Menurut Bose, R (2004), dari keempat enablers tersebut, culture adalah faktor
yang paling potensial dan paling sulit untuk berubah. Budaya adalah kombinasi dari
shared history, expectations, unwritten rules, dan social mores yang mempengaruhi
keseluruhannya pada perilaku dari karyawan. Teknologi adalah faktor yang
mempunyai contributor penting bagi karyawan, penggunaan teknologi groupware
dan internet/intranet/extranet secara intensif telah memberikan pengaruh yang besar
pada kemampuan karyawan untuk melakukan sharing pengetahuan dan practices
secara efektif.
Menurut Bose, R (2004), infrastruktur mencakup mekanisme transfer, seperti
teknologi, proses kerja dan jaringan orang, untuk memastikan bahwa best practices
tersampaikan ke seluruh bagian perusahaan.
Menurut Yu & Liu (2008), salah satu pertimbangan yang penting di dalam
knowledge sharing adalah bagaimana memotivasi seorang individu untuk membagi
pengetahuan yang mereka percaya bahwa pengetahuan tersebut sangat bernilai bagi
individu yang bersangkutan di dalam organisasi. Banyak perusahaan telah
menggunakan system reward/penghargaan untuk merangsang karyawan untuk saling
membagi pengetahuan satu dengan yang lain. Yu & Liu (2008) berpendapat bahwa
knowledge sharing adalah sangat terkait dengan motivasi.
17
Model yang disusun oleh Yu & Liu (2008) menyatakan bahwa motivasi
dipengaruhi oleh dua hal :
a. Commitment : compliance commitment, identification commitment,
internalization commitment
b. Need : autonomy need, relatedness need and competence need.
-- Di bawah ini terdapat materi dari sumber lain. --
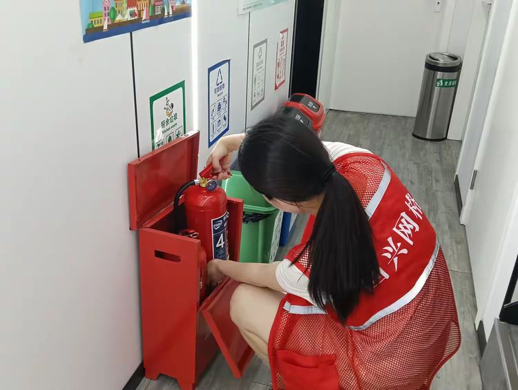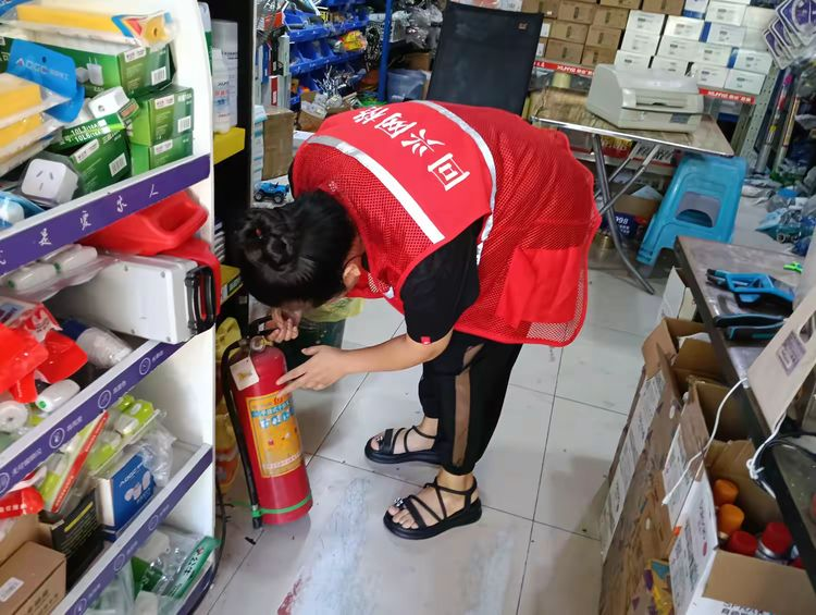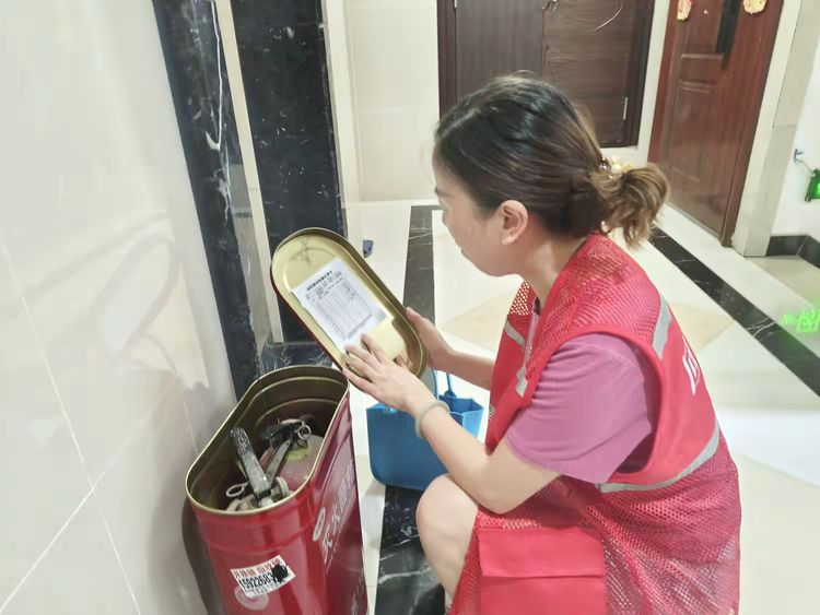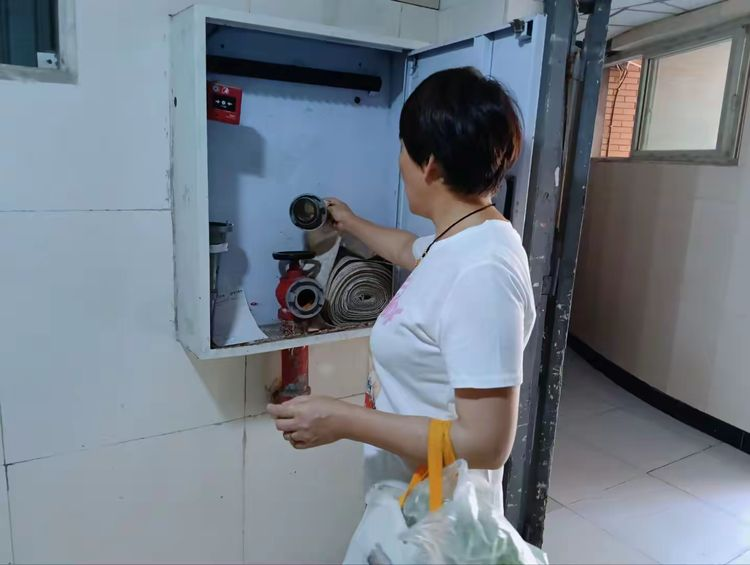 13.2025年8月27日,龙石路社区网格员对国际家纺城小区高层建筑楼栋的室内消火栓、灭火器进行安全排查。

Untuk membuktikan kedua hal yang mempengaruhi motivasi maka Yu & Liu
(2008) menyusun hipotesis sebagai berikut :
a. Adanya hubungan yang sifatnya positif dan langsung antara kebutuhan dan
motivasi melakukan sharing pengetahuan
b. Tipe kebutuhan yang berbeda akan mempunyai dampak yang berbeda pada
motivasi melakukan sharing pengetahuan
c. Komitmen dan kebutuhan akan memiliki dampak yang dapat dispesifikasikan
di dalam motivasi melakukan sharing pengetahuan.
2.6 Model Keterkaitan Singh dan Kant (2008)
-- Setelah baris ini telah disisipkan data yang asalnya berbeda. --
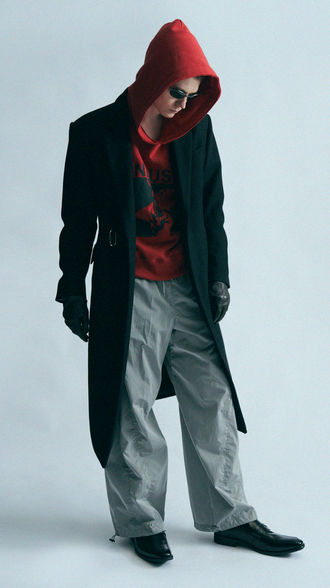 This season’s collection, titled “INDUST” after its industrial theme, emerged from a contemplation of the distance between the artificial and natural world. The story began with the Dobermann Pinscher, a breed created to function as guard dogs, symbolizing mankind’s artificial control of nature. By extrapolation, Hashimoto next turned his attention to industrial Germany, then the German national soccer team uniforms and the Porsche 911. This acrobatic leap across wide-ranging references is perhaps one factor that sets Hashimoto apart from other Japanese designers.

Berikut ini beberapa konsep yang terkait dengan knowledge management
barriers berdasarkan pada model yang dikembangkan Singh dan Kant (2008) :
a. Lack of top management commitment
Menurut Singh dan Kant (2008), pihak manajemen puncak di perusahaan
bertanggung jawab penuh di dalam setiap aktivitas yang terjadi di semua level
perusahaan. Manajemen puncak di perusahaan bertanggung jawab di dalam
menganalisa SWOT dari kemampuan perusahaan untuk mendapatkan visi mengenai
jenis pengetahuan yang akan dikembangkan di dalam perusahaan (Nonaka dan
Takeuchi, 1995). Komitmen manajemen adalah instrument di dalam pengembangan
struktur organisasi, infrastruktur teknologi dan berbagai proses pembuatan keputusan
di dalam perusahaan. Efektifitas implementasi manajemen pengetahuan memerlukan
komitmen dan dukungan jangka panjang dari pihak manajemen perusahaan
khususnya di dalam merekrut karyawan dan menjaga supaya karyawan merasa
nyaman bekerja di dalam perusahaan (Brand, 1998 di dalam Singh dan Kant, 2008).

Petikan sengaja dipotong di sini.